Projects
MetaMine
Building a knowledge graph framework for metamaterials
PI: Chiara Daraio (Division of Engineering and Applied Science)
SASE: Anya Wallace, Scholar
The field of materials engineering has entered a new era of design and fabrication, in which physics-based modeling and machine learning techniques enable researchers to investigate new design spaces and develop materials with unprecedented mechanical properties. However, in the realm of polymer nanocomposites and structured materials, the data required for this design approach is not readily accessible in an annotated or reusable format.

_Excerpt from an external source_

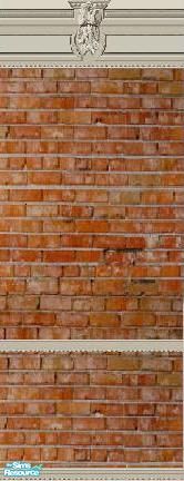 Worn red brick wall with beautiful and elegant crown molding, baseboard, and chair rail (a style of wainscoting).
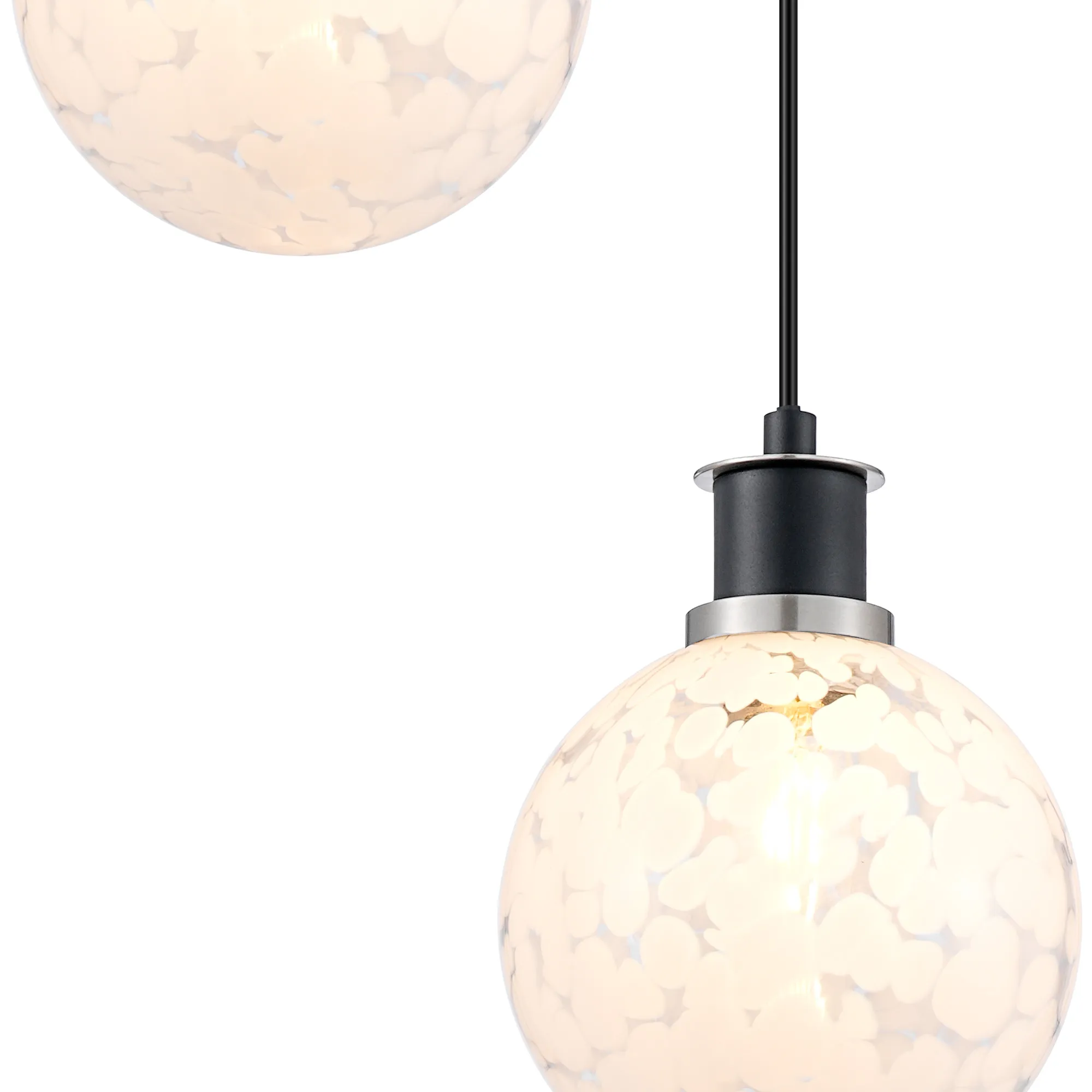 Fernie Table Lamp Touch Switch, 3 Light E14, With 15cm Round Speckled Glass Shade Satin Nickel, White, Satin Black

In order to provide this missing functionality, the Schmidt academy worked with the Daraio lab, alongside a team of investigators from four other universities (Duke, Northwestern, RPI, and University of Vermont), to develop Materialsmine, an open-source, web-based database dedicated to providing resources for structured materials (metamaterials) and nano-composite materials. The Materialsmine site now contains a set of centralized data on polymer nanocomposites, a schema and ontology for additional curation, and visualization and analysis tools to enable informed materials design and discovery. The project has involved a major re-architecture and extension of the Materialsmine codebase, with a focus on migrating from Angular to Vue, modernizing the user interfaces, and improving server performance. This restructuring has ultimately led to a much smoother user experience and greater data accessibility, paving the way for accelerated materials research.
Modal analysis for a meta-atom in a periodic material used to create band gaps at much lower frequencies than standard materials can achieve.
A 3D metamaterial created by the Wave Function Collapse algorithm. By manipulating the frequency of appearance of each building block, the material properties can be controlled
An automatic generator of material microstructures using a simulated “growth” program.